Warner Bros. Discovery’s (WBD) announcement that it will separate into two publicly traded companies by mid-2026 is a significant move for a company formed just over three years ago. But it’s hardly a new one in the media industry.

Over the past two decades, media giants have repeatedly turned to corporate breakups and restructurings as a strategic response to changing business models and mounting pressure from investors.

Warner Bros. Discovery’s history dates back more than two decades to the ill-fated merger of AOL and Time Warner in 2001. At the time, the $165 billion deal was hailed as the future of digital-media convergence.
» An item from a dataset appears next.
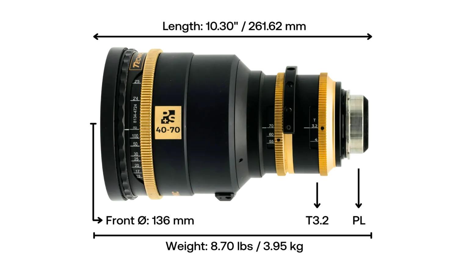 Though larger than the primes, these zooms are relatively compact for anamorphics, making them more adaptable for handheld and Steadicam setups. The 40-70mm weighs 8.8 lbs. (4kg) and the 70-200mm weighs 12.2 lbs. (5.5 kg). They feature robust housings, PL mounts, and geared controls.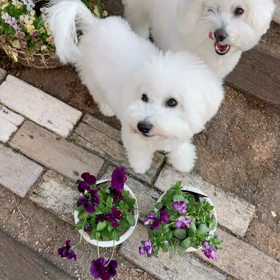 4種類のうえたオリジナルビオラでハンギング寄せ植え&子犬フィー日記

Instead, it quickly became one of the most infamous mergers in corporate history, plagued by culture clashes, collapsing valuations, and the bursting of the dot-com bubble.

AOL was eventually spun off in 2009. Time Warner would go on to shed more of its assets before getting acquired by AT&T (T) in 2018, only for AT&T to unwind that deal just three years later by merging WarnerMedia with Discovery in 2021 to form Warner Bros. Discovery.

That brings us to today, when WBD is once again heading for a split, reflecting the ongoing challenges facing large media conglomerates trying to balance legacy assets with the evolving streaming landscape.

The breakup will create two companies, one focused on streaming and studios, including properties such as HBO and DC Studios, and the other on global television networks such as CNN, TBS, TNT, HGTV, and the Food Network. The global networks entity will hold up to a 20% stake in the streaming company that it will use to pay down its debt.

Other major media players have followed similar paths of splitting — and in some cases, reuniting.

Viacom, which merged with broadcaster CBS in a $35.6 billion deal back in 1999, split in 2006 to create separate broadcast and cable media entities. But the two companies reunited in 2019 under the name ViacomCBS, only to rebrand again as Paramount Global (PARA) in 2022.

Now, Paramount is preparing to finalize its merger with Skydance Media in the second half of this year as it works to reshape its business following years of swirling sale rumors and prolonged corporate governance drama that stretches back more than a decade.

Similarly, News Corp. (NWSA) split in 2013, forming two separate companies: a publishing-focused entity that retained assets like “The Wall Street Journal” and “New York Post” and an entertainment business that housed the Fox broadcast network and the storied 20th Century Fox film studio.